The mall was so packed that parking was scarce and people had to wait to take escalators. Some dedicated shoppers who anticipated this chaos even camped out as early as 6 a.m. Most stores opened their doors on Friday. However, some stores and restaurants remain unopened – among them, Nordstrom and Tiffany & Co. Select stores, such as the Disney Store, Bloomingdale’s and Nike, had lines of people waiting outside just to get in.
Paul Dash, manager of the Disney Store, said they aim to make the store experience “the best 30 minutes of a child’s day.” Bloomingdale’s designed their store for the Santa Monica consumer, with its motto “So Cal So Cool” in mind. The Nike store also caters to locals. Inside, there is a posted a schedule of Nike runs in the area and a station where high school athletes can customize their shoes to fit their school mascot, team name or jersey number.
Other stores, such as Juicy Couture and White House Black Market, handed out discounts and gift cards, to promote their new Santa Monica location.
Throughout the day, KCRW DJs provided live music for mall goers as they walked around.
The mall opening also featured performances by dancers from popular TV show “So You Think You Can Dance” and the Mannequin Collective, an art exhibit designed by SMC students.

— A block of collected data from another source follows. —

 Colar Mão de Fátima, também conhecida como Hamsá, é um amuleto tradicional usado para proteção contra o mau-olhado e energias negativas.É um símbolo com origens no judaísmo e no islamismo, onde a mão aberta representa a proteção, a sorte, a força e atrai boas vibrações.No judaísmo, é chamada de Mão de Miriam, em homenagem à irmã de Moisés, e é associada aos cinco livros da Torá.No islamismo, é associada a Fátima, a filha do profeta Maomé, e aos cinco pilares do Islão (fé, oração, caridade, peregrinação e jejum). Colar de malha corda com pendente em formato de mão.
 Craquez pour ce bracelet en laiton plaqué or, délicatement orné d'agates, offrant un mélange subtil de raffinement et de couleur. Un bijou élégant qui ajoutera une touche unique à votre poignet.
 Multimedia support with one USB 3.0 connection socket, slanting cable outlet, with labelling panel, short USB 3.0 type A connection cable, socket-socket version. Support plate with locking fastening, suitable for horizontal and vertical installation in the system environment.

Most attendees were pleased with the Santa Monica Place. “We like the Disney store best,” said 11-year-old Paola Orozco, who came with her mom and siblings. “I want to come back!”
Some, like Amanda Berger, a Santa Monica native, said she liked the remodel but isn’t sure she’ll shop at the high-end stores in the new mall.

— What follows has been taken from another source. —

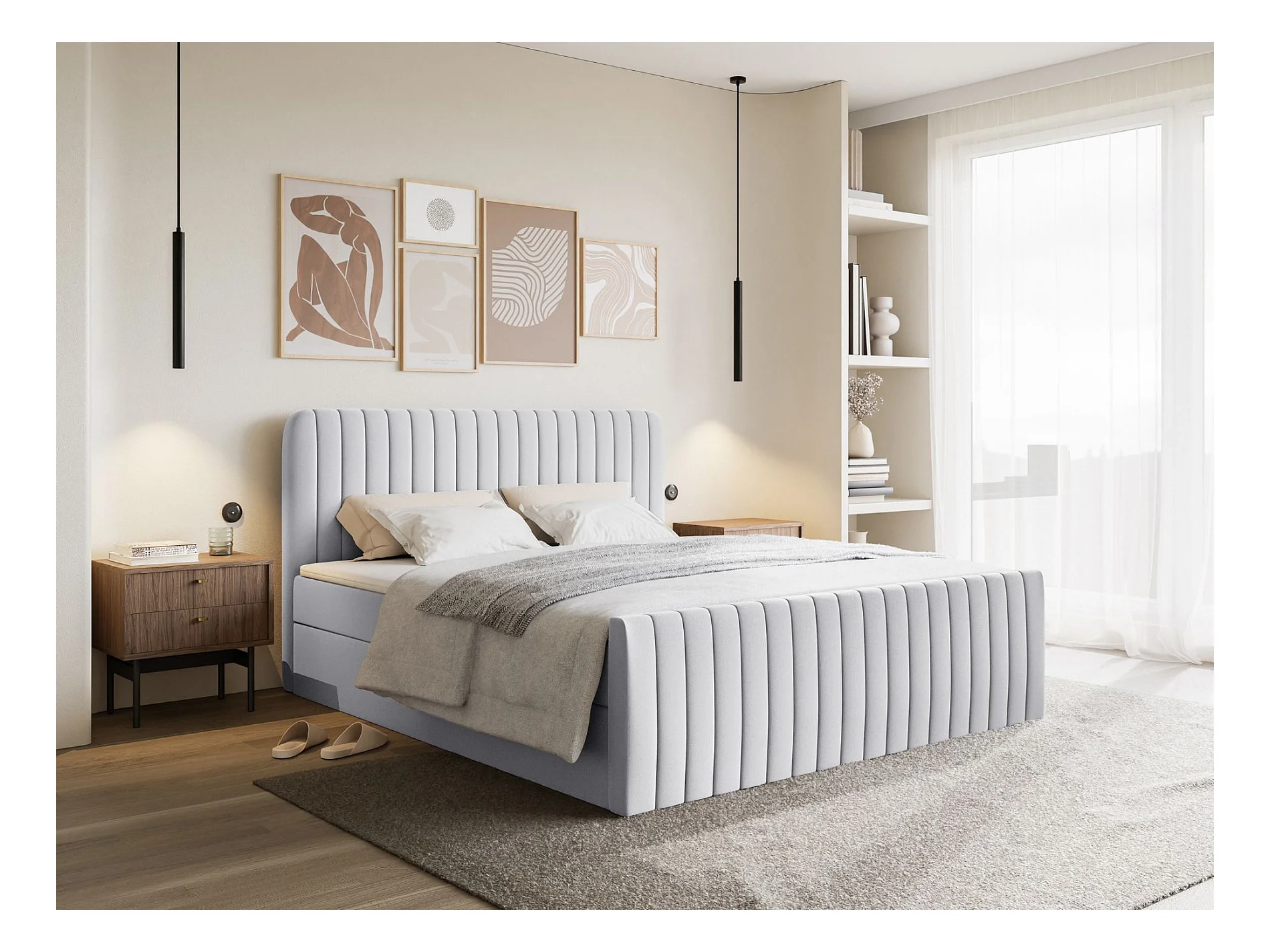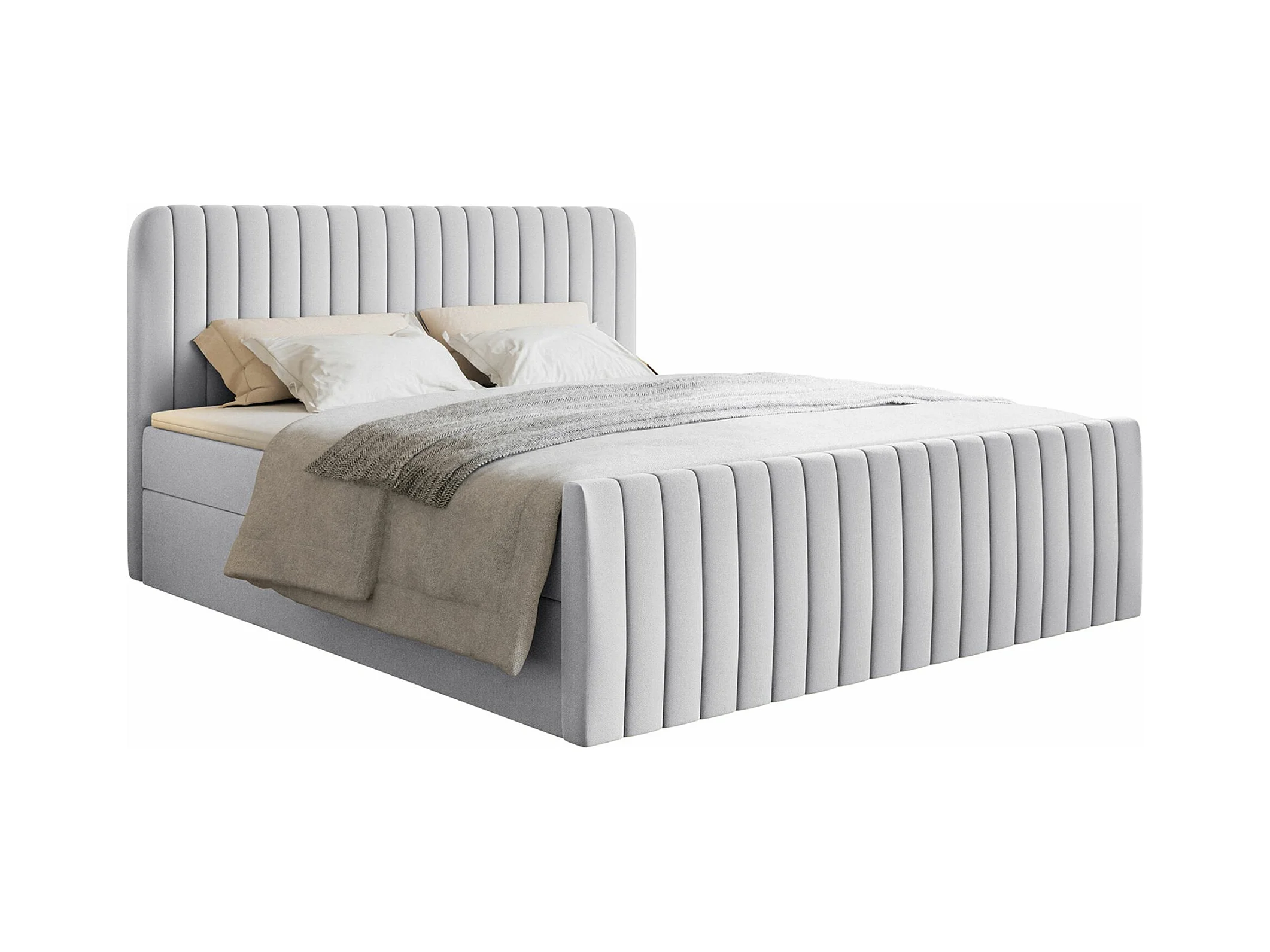 Lit continental avec surmatelas - 200x200 cm - chenille gris clair - SALIANO

“I am so excited to go to the food court with the ocean view,” she said. “But most of the stores that I shop in are on the Promenade, so I’m not sure if I will be shopping here.”
Others, like Brentwood resident Kristin Ige, came to the mall opening to check out how it has changed.
“The design was well done,” she said. “The view that they’ve constructed from the third floor is fantastic. . . it’s now a lifestyle mall as opposed to a mall where you just go to shop.”